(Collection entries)

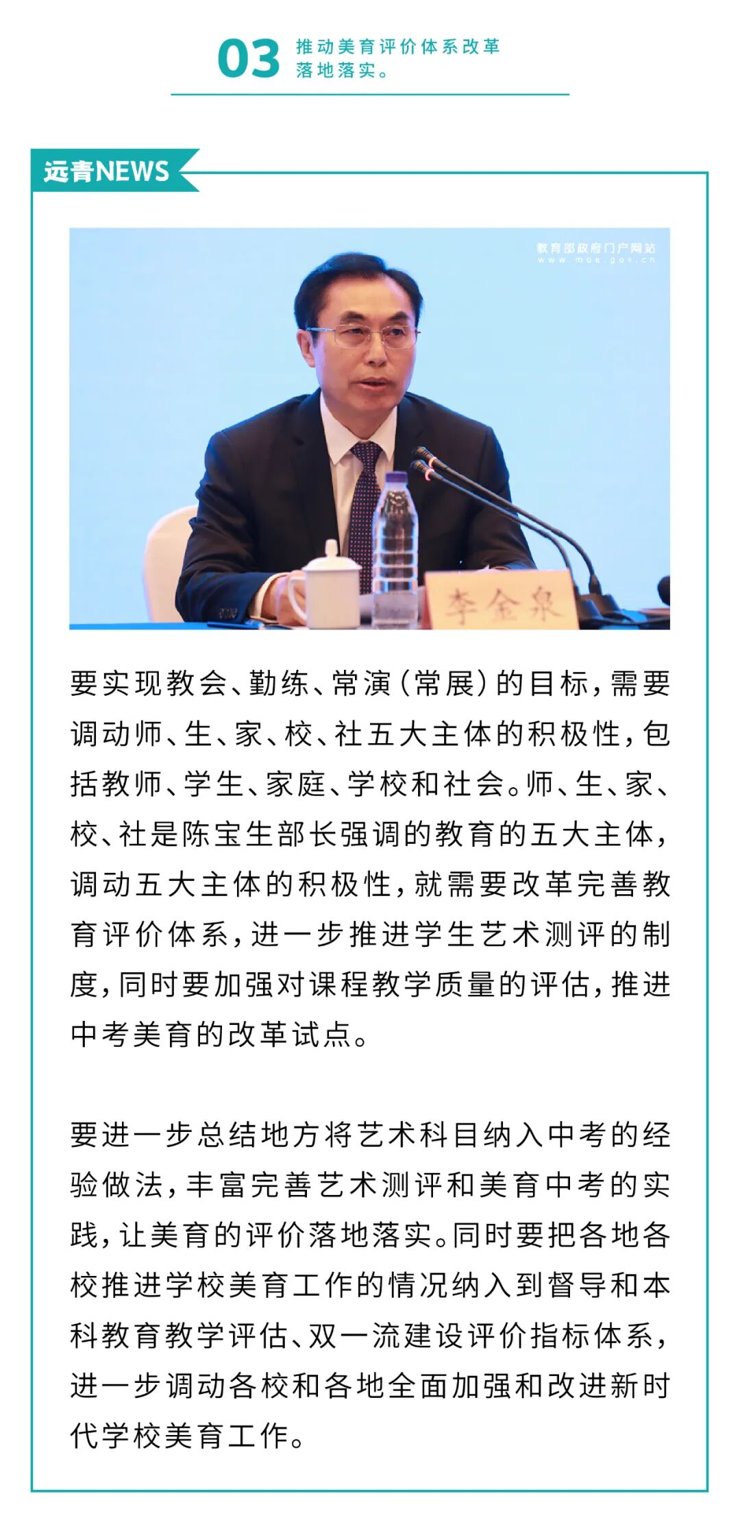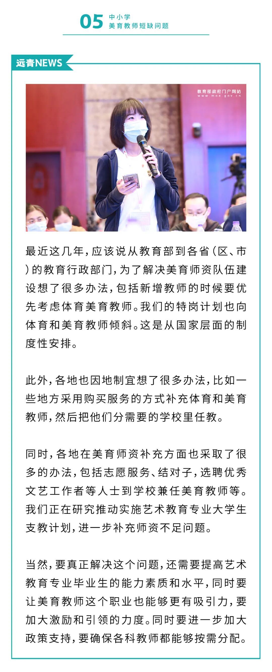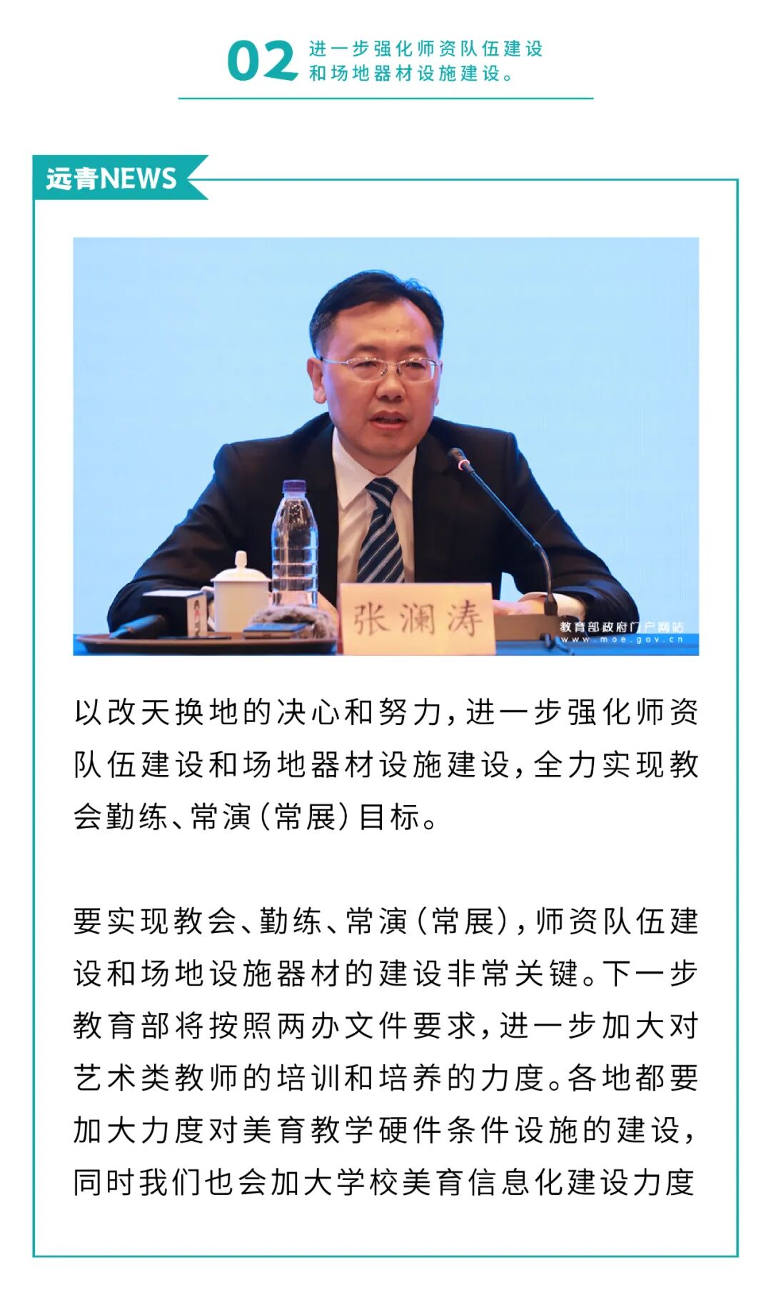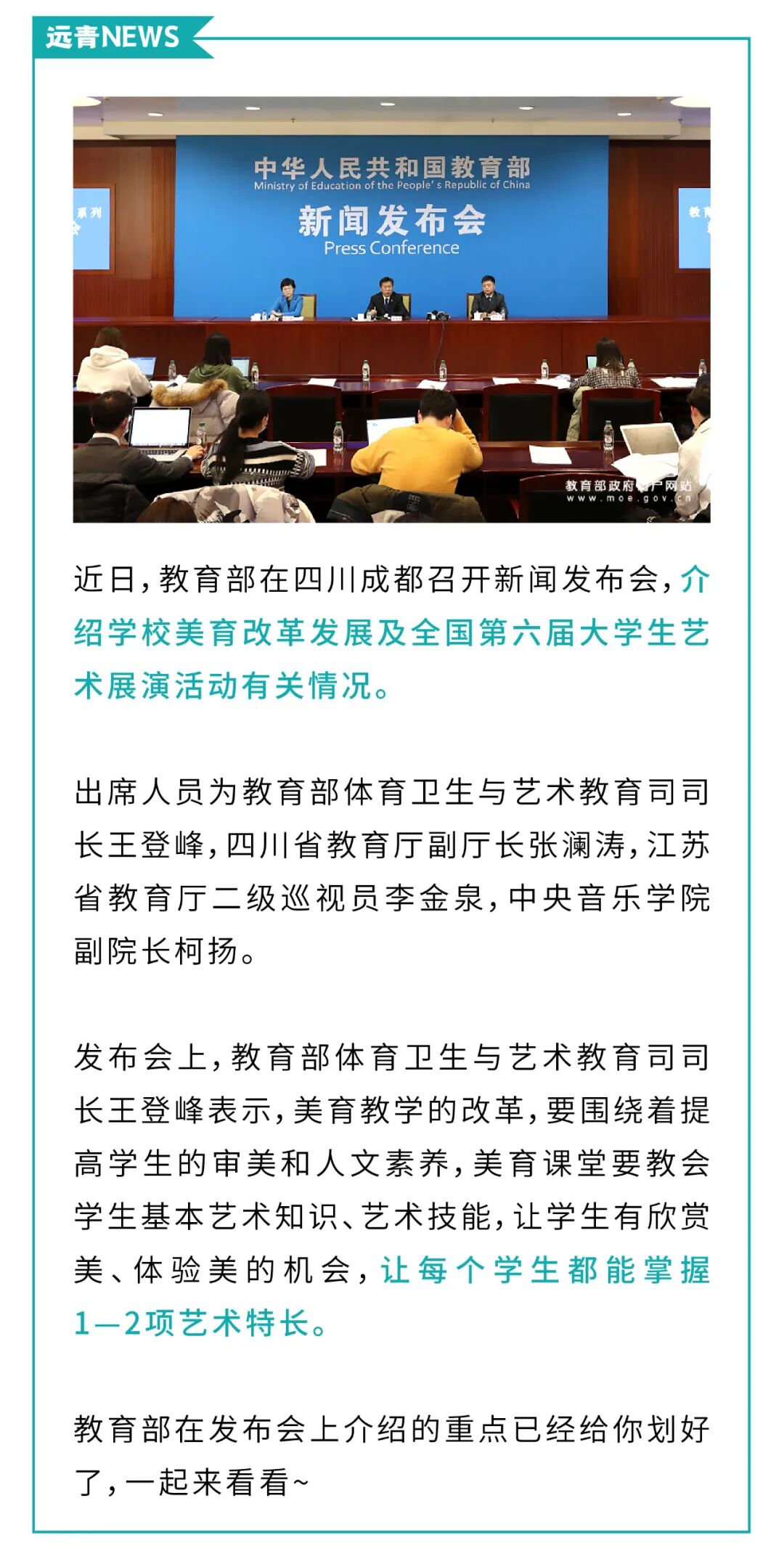 于校长 138-9888-9583|收藏本站|网上报名|设为首页 远青简介 画室环境 远青分部 画室荣誉 许可证书 招生简章 联考班 设计班 造型班 校考班 其他班 教师管理制度 学生管理处罚条例 录取通知 英雄榜 远青记录 校长 专业老师 办公室老师 学生活动 教师活动 餐饮住宿 家长会 远青宣传片 远青学员理想 教师色彩 教师素描 教师速写 教师设计 学生作品 “全家福” 画室新闻 考试信息 优秀试卷 重要通知 网上报名 联系方式 新闻 “全家福” 画室新闻 考试信息 优秀试卷 重要通知 回到首页 最新 招生简章招生简章 远青画室联系方式远青画室联系方式 远青画室食堂篇 远青画室2022届提前批录取公示(持续更新中……) 鲁迅美术学院2022年本科招生录取文化课控制分数线 联系 于校长138-9888-9583 当前位置:远青画室 > 新闻 > 画室新闻 教育部最新发文:要让每个学生都能掌握1—2项艺术特长! mm3000 | 来源:远青画室 | 时间:2021-5-20 文章转载自教育部官网
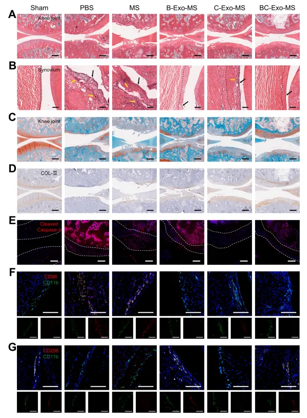 滑膜组织的H&E染色显示,PBS组和MS组均出现滑膜衬里细胞显著增多、细胞密度明显升高及血管翳形成等病理改变,而B-Exo-MS与BC-Exo-MS治疗能有效缓解这些病变(图5B)。滑膜炎评分证实,B-Exo-MS与BC-Exo-MS在减轻滑膜炎症方面疗效相当(P=0.9539),且均显著优于C-Exo-MS(P值分别为0.0055和0.0324)。同样,滑膜免疫荧光染色显示,B-Exo-MS组和BC-Exo-MS组的CD86+细胞比例显著低于PBS组和MS组;而CD206+细胞比例则显著高于PBS组和MS组。C-Exo-MS组的CD86+与CD206+细胞比例在五组中处于中间水平(图5F、G)。这表明B-Exo与BC-Exo均能通过诱导巨噬细胞向M2型极化,缓解病理性的炎症微环境。
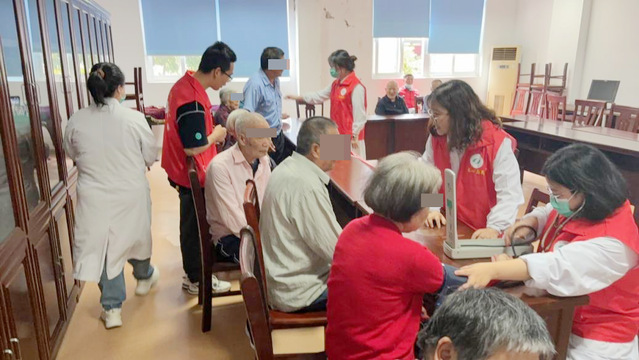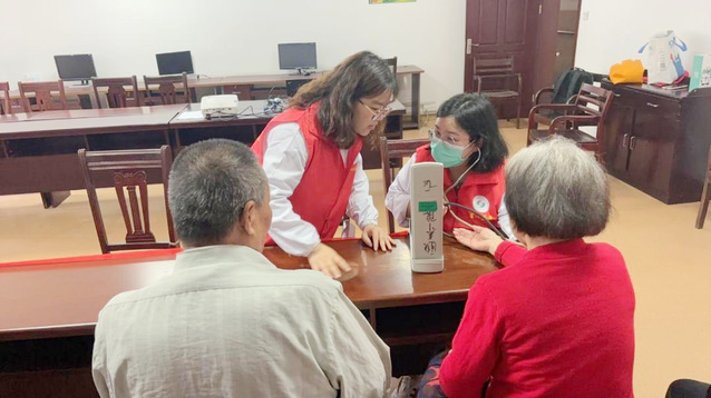 医护人员为老年人免费测血压,提供健康咨询服务,指导如何做好常见慢性疾病的日常健康管理。
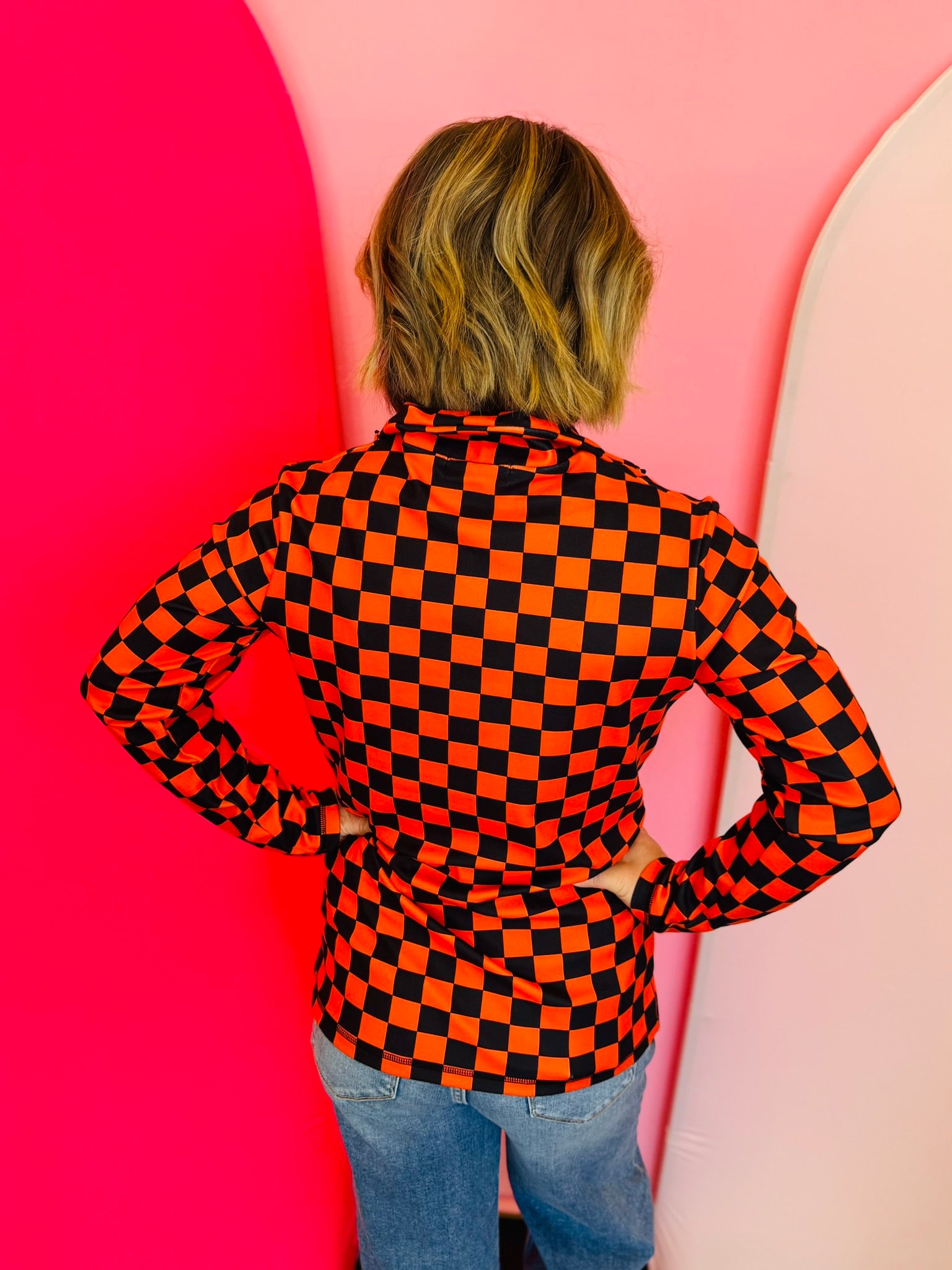 Orange & Black Checkered Pullover
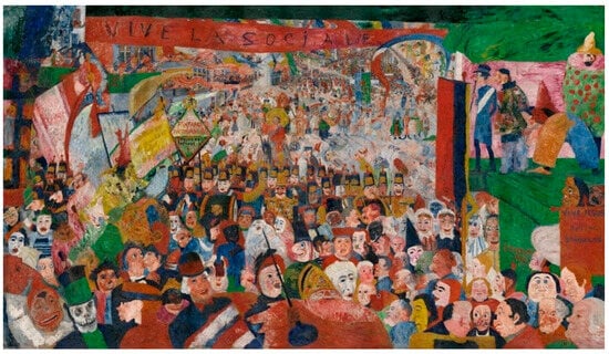James Ensor (1860–1949) remains a prominent name from this period. He was born and lived in Oostende, the seaside town in West Flanders. His early work looked to Rubens for inspiration, but he soon turned to French Impressionist brushwork. Despite Rogier’s intent to internationalize the Brussels salon with French and French-inspired modern art, Ensor’s pieces were still too much of a challenge for Belgian tastes. His Entry of Christ into Brussels (1888), a parody on Christ’s entry into Jerusalem, was rejected from the Brussels Salon 1883 (Figure 4). The ludicrous assumption that Christ would even enter Brussels—in the year 1882, no less—was no more shocking than the smeared and garish colors and the inability to locate Christ himself in the melée.
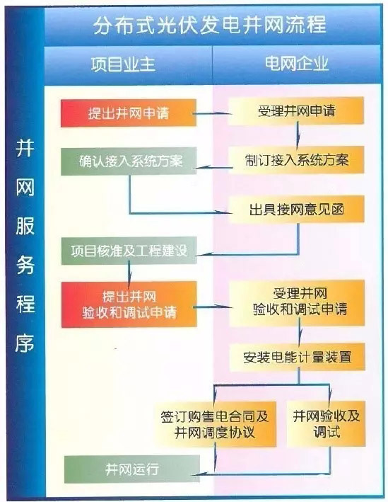 根據(jù)財(cái)政部《關(guān)于分布式光伏發(fā)電實(shí)行按照電量補(bǔ)貼政策等有關(guān)問題的通知》:“申請補(bǔ)貼的分布式光伏發(fā)電項(xiàng)目必須符合以下條件:1.按照程序完成備案。2.項(xiàng)目建成投產(chǎn),符合并網(wǎng)相關(guān)條件,并完成并網(wǎng)驗(yàn)收等電網(wǎng)接入工作。符合上述條件的項(xiàng)目可向所在地電網(wǎng)企業(yè)提出申請,經(jīng)同級財(cái)政、價(jià)格、能源主管部門審核后逐級上報(bào)。”由于電網(wǎng)企業(yè)承擔(dān)著轉(zhuǎn)付國家財(cái)政補(bǔ)貼的功能,因此,電網(wǎng)企業(yè)的并網(wǎng)調(diào)試和驗(yàn)收很關(guān)鍵。根據(jù)國家能源局《分布式光伏發(fā)電項(xiàng)目管理暫行辦法》,分布式光伏在正式建設(shè)前,應(yīng)向當(dāng)?shù)乜h級電網(wǎng)企業(yè)提出并網(wǎng)接入申請(電網(wǎng)企業(yè)應(yīng)在20個(gè)工作日內(nèi)出具并網(wǎng)接入意見,對于集中多點(diǎn)接入的分布式光伏發(fā)電項(xiàng)目可延長到30個(gè)工作日),“分布式光伏項(xiàng)目本體工程建成后,向電網(wǎng)企業(yè)提出并網(wǎng)調(diào)試和驗(yàn)收申請,電網(wǎng)企業(yè)指導(dǎo)和配合項(xiàng)目單位開展并網(wǎng)運(yùn)行調(diào)試和驗(yàn)收,電網(wǎng)企業(yè)應(yīng)根據(jù)國家有關(guān)標(biāo)準(zhǔn)制定分布式光伏發(fā)電電網(wǎng)接入和并網(wǎng)運(yùn)行驗(yàn)收辦法”(對于35kV及以下接入的,這里的電網(wǎng)企業(yè)指的是地市級或縣級電網(wǎng)企業(yè))。
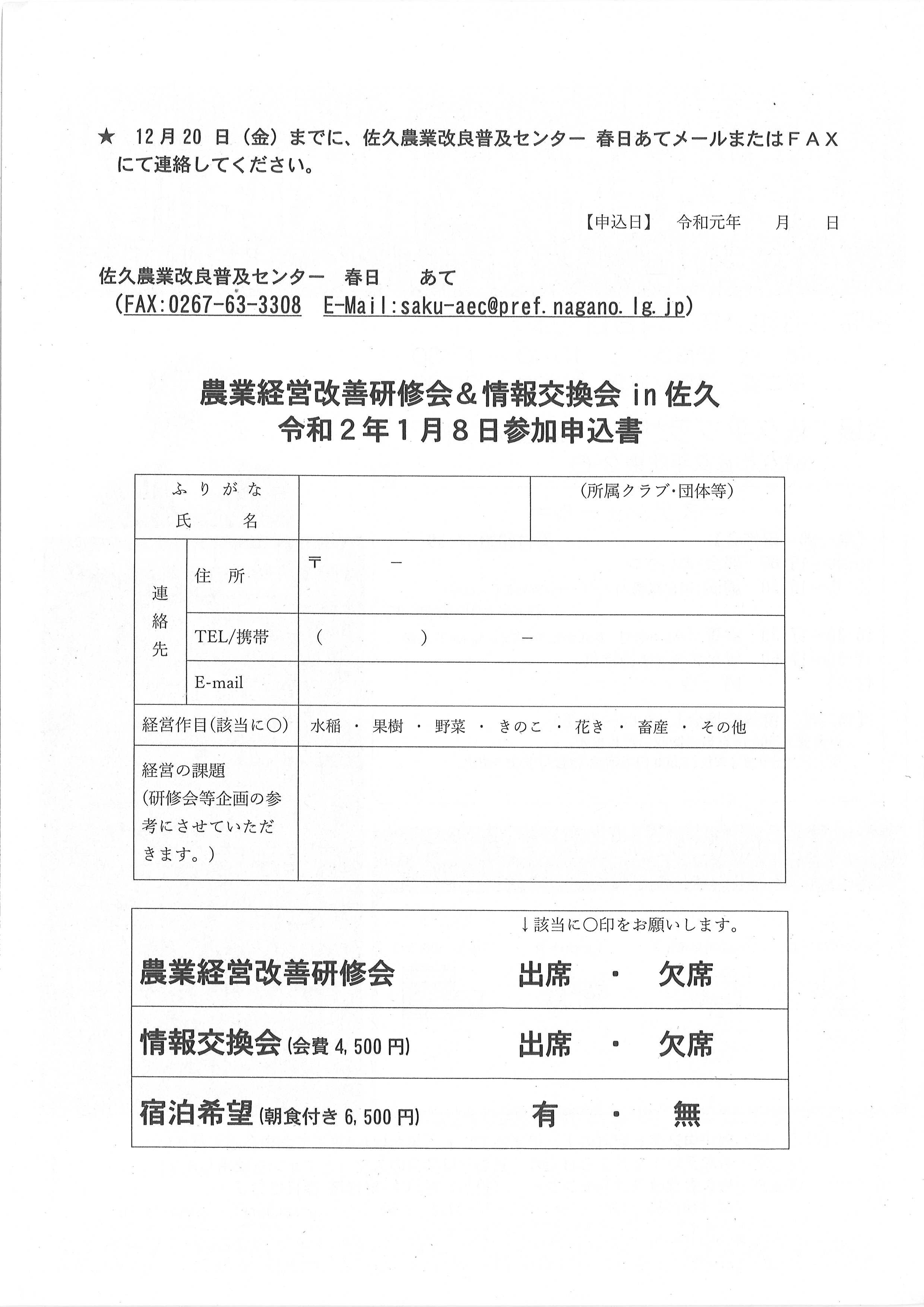 「農業経営改善研修会&情報交換会 in佐久」の開催について
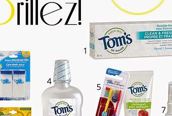 1. Dentrifice Sans Fluorure à la Fenouille, Tom’s of Maine2. Cure-Dents Deluxes, Carry Clean3. Baume à Lèvre Soulagement des Feux Sauvages Extrêmes, Lypsyl4. Rince-Bouche Sans Alcool, Tom’s of Maine5. Brosse à Dents pour Enfant, Carry Clean6. Dentifrice pour Enfant, Tom’s of Maine7. Vaporisateur pour la Bouche Sèche, Mouth Kote

• Problem to work on:
Word-for-word repeat, images excluded: return all the data.

• Expected answer:
 于校长 138-9888-9583|收藏本站|网上报名|设为首页 远青简介 画室环境 远青分部 画室荣誉 许可证书 招生简章 联考班 设计班 造型班 校考班 其他班 教师管理制度 学生管理处罚条例 录取通知 英雄榜 远青记录 校长 专业老师 办公室老师 学生活动 教师活动 餐饮住宿 家长会 远青宣传片 远青学员理想 教师色彩 教师素描 教师速写 教师设计 学生作品 “全家福” 画室新闻 考试信息 优秀试卷 重要通知 网上报名 联系方式 新闻 “全家福” 画室新闻 考试信息 优秀试卷 重要通知 回到首页 最新 招生简章招生简章 远青画室联系方式远青画室联系方式 远青画室食堂篇 远青画室2022届提前批录取公示(持续更新中……) 鲁迅美术学院2022年本科招生录取文化课控制分数线 联系 于校长138-9888-9583 当前位置:远青画室 > 新闻 > 画室新闻 教育部最新发文:要让每个学生都能掌握1—2项艺术特长! mm3000 | 来源:远青画室 | 时间:2021-5-20 文章转载自教育部官网
 滑膜组织的H&E染色显示,PBS组和MS组均出现滑膜衬里细胞显著增多、细胞密度明显升高及血管翳形成等病理改变,而B-Exo-MS与BC-Exo-MS治疗能有效缓解这些病变(图5B)。滑膜炎评分证实,B-Exo-MS与BC-Exo-MS在减轻滑膜炎症方面疗效相当(P=0.9539),且均显著优于C-Exo-MS(P值分别为0.0055和0.0324)。同样,滑膜免疫荧光染色显示,B-Exo-MS组和BC-Exo-MS组的CD86+细胞比例显著低于PBS组和MS组;而CD206+细胞比例则显著高于PBS组和MS组。C-Exo-MS组的CD86+与CD206+细胞比例在五组中处于中间水平(图5F、G)。这表明B-Exo与BC-Exo均能通过诱导巨噬细胞向M2型极化,缓解病理性的炎症微环境。
 医护人员为老年人免费测血压,提供健康咨询服务,指导如何做好常见慢性疾病的日常健康管理。
 Orange & Black Checkered Pullover
James Ensor (1860–1949) remains a prominent name from this period. He was born and lived in Oostende, the seaside town in West Flanders. His early work looked to Rubens for inspiration, but he soon turned to French Impressionist brushwork. Despite Rogier’s intent to internationalize the Brussels salon with French and French-inspired modern art, Ensor’s pieces were still too much of a challenge for Belgian tastes. His Entry of Christ into Brussels (1888), a parody on Christ’s entry into Jerusalem, was rejected from the Brussels Salon 1883 (Figure 4). The ludicrous assumption that Christ would even enter Brussels—in the year 1882, no less—was no more shocking than the smeared and garish colors and the inability to locate Christ himself in the melée.
 根據(jù)財(cái)政部《關(guān)于分布式光伏發(fā)電實(shí)行按照電量補(bǔ)貼政策等有關(guān)問題的通知》:“申請補(bǔ)貼的分布式光伏發(fā)電項(xiàng)目必須符合以下條件:1.按照程序完成備案。2.項(xiàng)目建成投產(chǎn),符合并網(wǎng)相關(guān)條件,并完成并網(wǎng)驗(yàn)收等電網(wǎng)接入工作。符合上述條件的項(xiàng)目可向所在地電網(wǎng)企業(yè)提出申請,經(jīng)同級財(cái)政、價(jià)格、能源主管部門審核后逐級上報(bào)。”由于電網(wǎng)企業(yè)承擔(dān)著轉(zhuǎn)付國家財(cái)政補(bǔ)貼的功能,因此,電網(wǎng)企業(yè)的并網(wǎng)調(diào)試和驗(yàn)收很關(guān)鍵。根據(jù)國家能源局《分布式光伏發(fā)電項(xiàng)目管理暫行辦法》,分布式光伏在正式建設(shè)前,應(yīng)向當(dāng)?shù)乜h級電網(wǎng)企業(yè)提出并網(wǎng)接入申請(電網(wǎng)企業(yè)應(yīng)在20個(gè)工作日內(nèi)出具并網(wǎng)接入意見,對于集中多點(diǎn)接入的分布式光伏發(fā)電項(xiàng)目可延長到30個(gè)工作日),“分布式光伏項(xiàng)目本體工程建成后,向電網(wǎng)企業(yè)提出并網(wǎng)調(diào)試和驗(yàn)收申請,電網(wǎng)企業(yè)指導(dǎo)和配合項(xiàng)目單位開展并網(wǎng)運(yùn)行調(diào)試和驗(yàn)收,電網(wǎng)企業(yè)應(yīng)根據(jù)國家有關(guān)標(biāo)準(zhǔn)制定分布式光伏發(fā)電電網(wǎng)接入和并網(wǎng)運(yùn)行驗(yàn)收辦法”(對于35kV及以下接入的,這里的電網(wǎng)企業(yè)指的是地市級或縣級電網(wǎng)企業(yè))。
 「農業経営改善研修会&情報交換会 in佐久」の開催について
 1. Dentrifice Sans Fluorure à la Fenouille, Tom’s of Maine2. Cure-Dents Deluxes, Carry Clean3. Baume à Lèvre Soulagement des Feux Sauvages Extrêmes, Lypsyl4. Rince-Bouche Sans Alcool, Tom’s of Maine5. Brosse à Dents pour Enfant, Carry Clean6. Dentifrice pour Enfant, Tom’s of Maine7. Vaporisateur pour la Bouche Sèche, Mouth Kote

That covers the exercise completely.